Intervals following elevated extinction often show rebounds with elevated origination (e.g., Miller and Sepkoski Reference Miller and Sepkoski1988; Lu et al. Reference Lu, Yogo and Marshall2006; Foote et al. Reference Foote, Cooper, Crampton and Sadler2018). The probability of sister taxa evolving in the last interval and then surviving the extinction are the same as in the prior example. However, there now is a much higher probability that any species evolving before the extinction that do have surviving successors will generate a sampled descendant, which dampens the drop in Φ (Figs. 8E, 9E vs. 8D, 9D). This results in a mixing of the expected phylogenetic patterns preceding extinctions and radiations: the extinction reduces the probability of sampled sister taxa diverging before the extinction and subsequent, which offsets the preradiation decrease in expected branch durations (Figs. 10E, 11E vs. 10B, 11E); however, the elevated probability of sampling the successors of any survivors dampens the expected increase in branch durations induced by the extinction (Figs. 10E, 11E vs. 10D, 11D). As in other scenarios, low ψ results in more time elapsing after the rebound before we return to “normal” branch durations and stratigraphic gaps.
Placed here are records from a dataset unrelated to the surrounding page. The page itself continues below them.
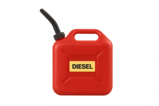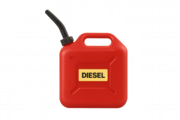 Red diesel fuel jerry can with pouring spout, carrying flammable liquid, transparent background
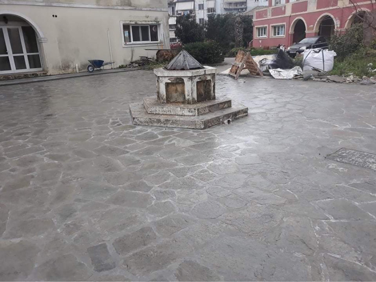 • Τοποθέτηση ακανόνιστων πλακών τύπου Καρύστου στον ακάλυπτο χώρο μεταξύ των κτιρίων και στον χώρο στάθμευση και αρμολόγημα αυτών.
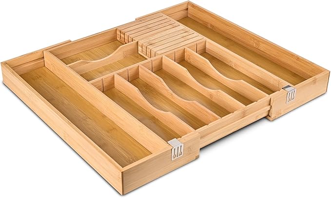 - Not only does our bamboo silverware organizer expand in width from 13.2 inches to 20.5 inches when fully open, there are a further 5 options to customize the size of the individual compartments.
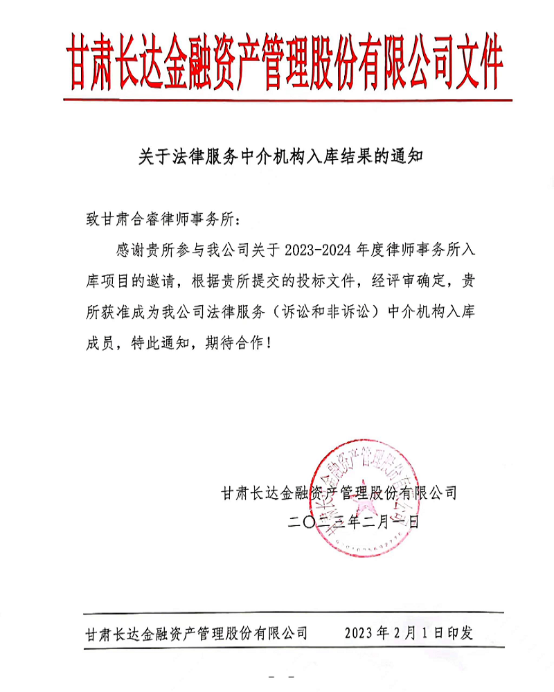 2023年2月,甘肃合睿律师事务所成功入围甘肃长达金融资产管理股份有限公司法律服务中介机构备选库。

In particular, E[d] decreases going back in time (Fig. 11E) until the rebound interval, and then rapidly increases. Going further back in time, E[d] increases slightly rather than decreases (as expected when there is no rebound), with the time of increase greater at low ψ than at high ψ.
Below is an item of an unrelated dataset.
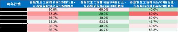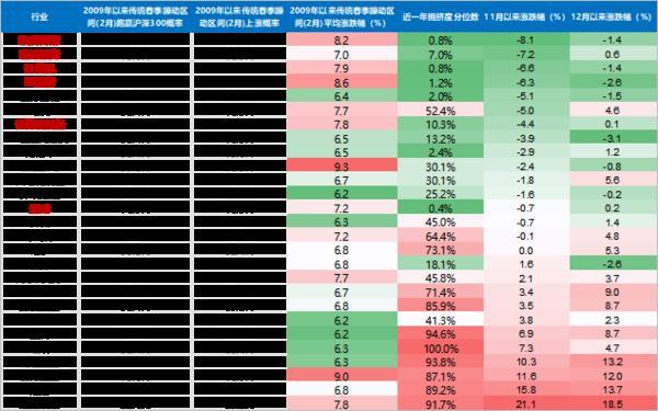 如果是春季躁動(dòng)發(fā)生之前,排名表現(xiàn)一般的行業(yè),在春季躁動(dòng)的后段占優(yōu)的概率大概是50%-60%。此外從另一個(gè)角度而言,如果以當(dāng)年的前期主線行業(yè)為樣本來(lái)看,前期為主線的行業(yè)(1-10月漲幅排名前10)且春季躁動(dòng)發(fā)生前的一段時(shí)間表現(xiàn)較差(期間排名后10),那么這些行業(yè)在春季躁動(dòng)的后段占優(yōu)概率大致達(dá)60%-70%的水平(剔除僅單個(gè)樣本的年份)。

Complete Extinction (or End of Study Edge Effect)

Whole clades might go extinct during pulsed extinctions, which ends the chance to sample subsequent successors. For example, in a phylogenetic analysis of nonavian dinosaurs or ammonites from the Cretaceous, there is no opportunity for an unsampled Maastrichtian species to leave Paleocene or Eocene species that would document that particular divergence. Therefore, divergences that are not sampled in the Maastrichtian are never sampled. This has strong effects on branch durations. Even if λ, μ, and ψ are static before the extinction event, Φ declines markedly before the extinction (Fig. 8F). Because divergences generating sampled sister taxa become rarer (Fig. 9F), expected branch durations increase as taxon first appearances approach the extinction (Figs. 10F, 11F).

The effect of ψ on Φ and expected sampled sister taxa seen for elevated extinction rates above becomes even more pronounced given total extinction. Under high ψ, Φ begins to decline notably only about 1.5 intervals (= 1.5 times the average species duration) before the extinction. However, at the lowest ψ, Φ is only half of “normal” (Fig. 8F vs. 8A) six intervals (again, six times the average species duration) before the extinction. We see a corresponding effect on expected branch durations (Fig. 11F). When ψ is high, E[d] is low until just before the extinction: even though we have little chance of sampling late divergences in any way, we have a high probability of sampling the predecessors of those late-appearing species that we do sample. When ψ is low and we do not expect to sample many direct predecessors, E[d] just before the extinction can be nearly twice E[d] under the same “normal” diversification and sampling rates (Fig. 11E vs. 11A), simply because of our inability to sample survivors of the extinction.

The sudden extinction scenario here is the same as edge effect that excluding post-Katian species induces on the expected branch durations for an analysis of pre-Hirnantian gastropods only. As also noted earlier, this edge effect can be seen in Table 2. At the two lowest sampling levels, median Φ given homogeneous λ, μ, and ψ is lower when we allow for temporal variation than when we do not. At the second-lowest level (where we expect to sample about 3% of taxa), Φ_i drops below the “global” estimate over 18 intervals before the end of the calculations. At the lowest ψ, Φ_i is less than the estimates assuming constant diversification and sampling at least 30 intervals before the conclusion.